Beinn a' Chaisgein Mor
Beinn a' Chaisgein Mor is a large sprawling mountain with some steep craggy slopes, particularly to the S and W. It has a broad summit, generally with easy inclines above 650m, with the exception of the W face where the steep slopes of Coire Carn na Saobhaidhe rise almost to the summit.

Beinn a' Chaisgein Mor is a very remote mountain with a single logical approach route from Poolewe to Kernsary then along the southern margin of Bad Bog and over the causeway between Fionn Loch and Dubh Loch to Carnmore. A stalkers path then takes you to the easy E slopes.

You may wish to combine this mountain with A' Mhaighdean and or Ruadh Stac Mor .

Beinn a' Chaisteil [Auch]
Beinn a' Chaisteil and Beinn nam Fuaran are sister peaks, on the E side of Gleann Ach'-innis Chailein, connected by a col (545m), and are climbed as a pair.

Beinn a' Chaisteil, the more S of the pair, is composed of two ridges in an "L" shape. The S and W upper slopes are very rocky, but the hill can be climbed via the SE or NE ridges with ease on moderate slopes.
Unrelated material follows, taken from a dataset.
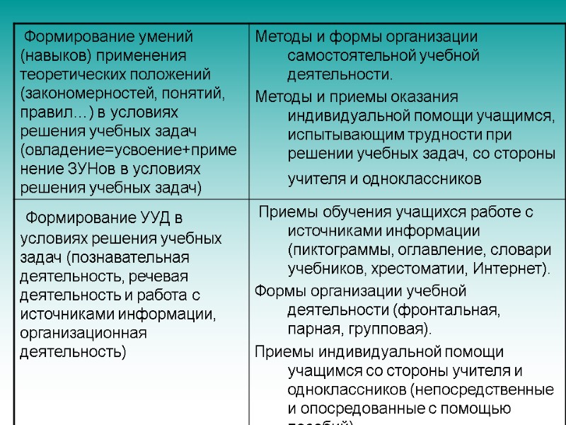 Формулировки и решения на уроке дидактических задач, направленных на формирование УУД. Усвоение = понимание + запоминание правильное воспроизведение. Овладение = усвоение + применение знаний и УУД в условиях решения учебных задач.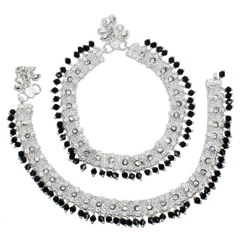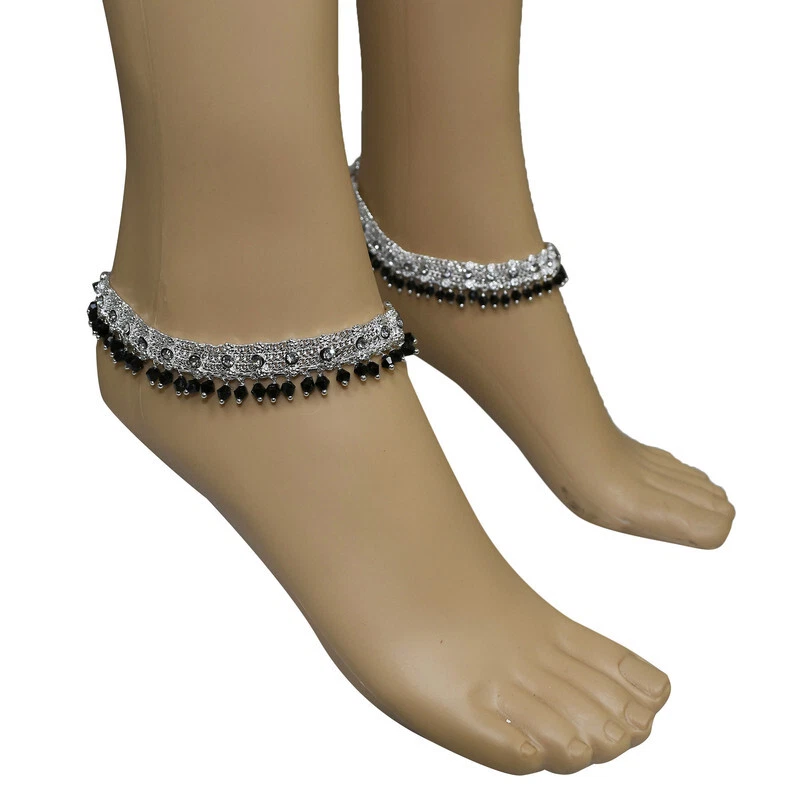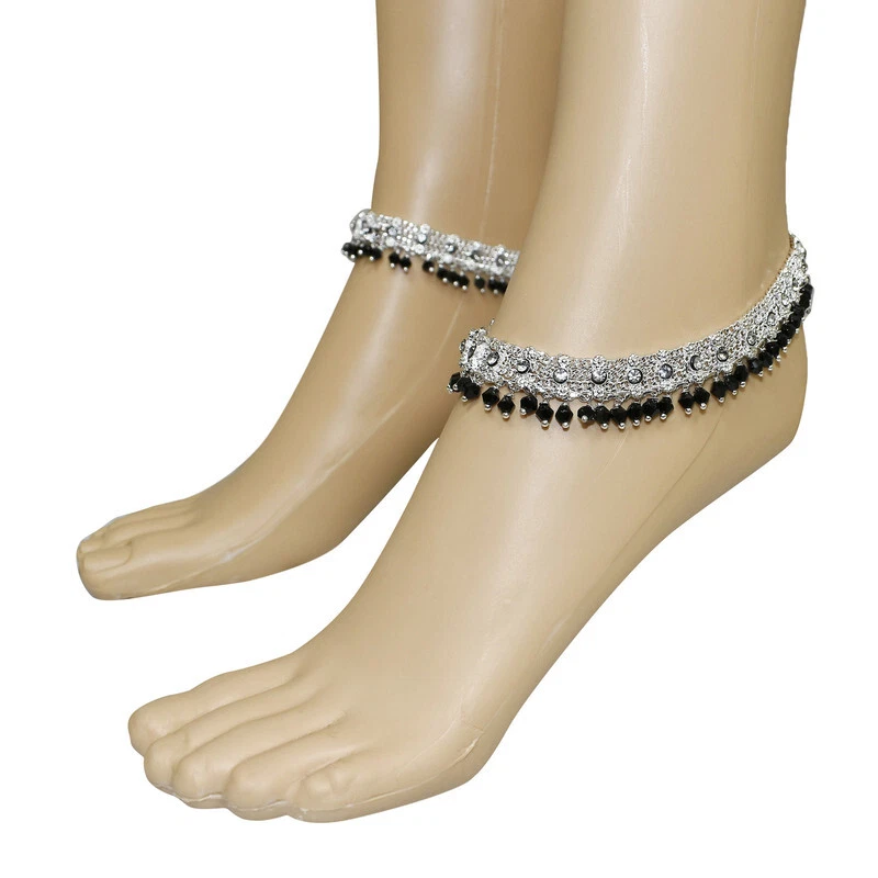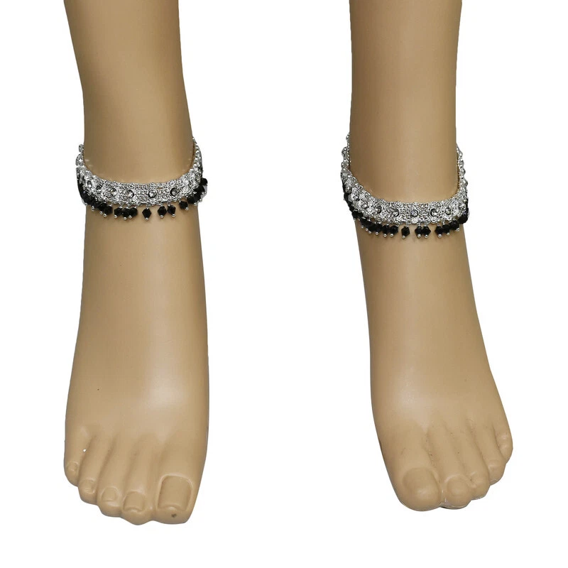 Item Description Women's Anklets Payal Indian Ankle Bracelets Chain Pair Foot Jewellery Sale For:- 1 Pair Size:- Length:-26cm x Width:-1.5cm (Approx) Material:- Metal Color:- Silver & Black Closure:- Hook Type:- Anklets Main Stone:- Artificial Stones & Beads About This Item New Traditional Style Anklet For Women And Girls. Ethnic Significance:- Brides Wear It To Draw Attention To And Decorate Their Feet Bells Or Chimes Make A Soft Sound When The Bride Walks Traditionally Payals Are Worn In Both Feet. Style Tip:- Perfect For Spring And Summer Wear.Compliments Most Outfits.Casual Chic Everyday Wear. Perfect Traditional Anklet Contemporary Look,Ideal For Any Ethnic Outfits Like Saree,Lehenga,Gowns,Bridal Wear,Party, Festival,Any Special Occasion, Dance Or As Fashion Novelty Costume Accessories. Ideal For:- Christmas,Thanks Giving,New Year,Valentine,Birthday,Anniversary Or Any Occasion,Gift For Someone You Love Jewellery Care:- Can Be Used In Water But Dry Completely Before Storing. Note:-Buyers Will Be Responsible For Pay Their Country'S Custom Duties Charge, Import Charges And Other Charges (If Applicable) .

Beinn a' Chaisteil [Strath Vaich]
Beinn a' Chaisteil lies to the E of Am Faochagach across Loch Vaich. It is the larger and more northerly of two tops on a long ridge running N-S. The second top Meall a' Ghrianain is attached via a 650m col.

Beinn a' Chaisteil is a big grassy hill but with some steepish slopes particularly on its E flank. The approach road through Strath Vaich continues N on the E shore of Loch Vaich and takes you to Carn Crom-loch (648m) the N end of Beinn a' Chaisteil's long ridge. This hill should be taken as a ridge walk.

Beinn a' Chlaidheimh
Beinn a' Chlaidheimh is a remote peak 3km N of Sgurr Ban with rivers to the W, N and E protecting it like a moat.

It can be climbed with Sgurr Ban using the path from Loch a' Bhraoin, but the more usual access route is from Corrie Hallie to the N following the track to Achneigie on the N banks of the Abhainn Loch an Nid. However, you then have to cross an unbridged river going in and out and the water level in Highland rivers can rise significantly in a day.

Beinn a' Chlaidheimh is elongated and slightly curved with easy slopes on the E rising to moderate slopes with craggy outcrops nearer the summit (this is the usual ascent route). To the W the slopes are steeper and much more craggy.

On the 9th of August 2011 The Munro Society revealed that they had surveyed the height of Beinn a' Chlaidheimh to be 2998ft using the latest in GPS surveying technology. On the 6th of September 2012, the SMC confirmed that Beinn a' Chlaidheimh is now classed as a Corbett.

Beinn a' Choin
Beinn a' Choin is the highest peak in a group of hills bordered by Glen Gyle, Glen Arklet and Loch Lomond.

This mountain group is in the form of and inverted "Y" with the two southern ridges linking to Maol Mor (684m) and Stob an Fhainne (655m) enclosing Corrie Arklet. Both these ridges offer suitable access routes.

These are rough hills with many crags and rocky outcrops but they offer few obstacles to climbers as they can mostly be avoided. There is no parking on the road, but the farm may allow parking if asked.

Beinn a' Chrulaiste
Beinn a' Chrulaiste and Buachaille Etive More sit either side of the A82 forming the E gateway to Glen Coe.

Beinn a' Chrulaiste has three main ridges, the largest runs N, curving E to the twin topped Meall Bhalach, the second largest runs W to Altnafeadh where there is parking, and the third ridge runs ESE providing an ascent route from the Kings House Hotel.

The S and NW slopes of Beinn a' Chrulaiste are steep and craggy, and there are crags NE of the summit, however an ascent via the W or ESE ridges will avoid these crags.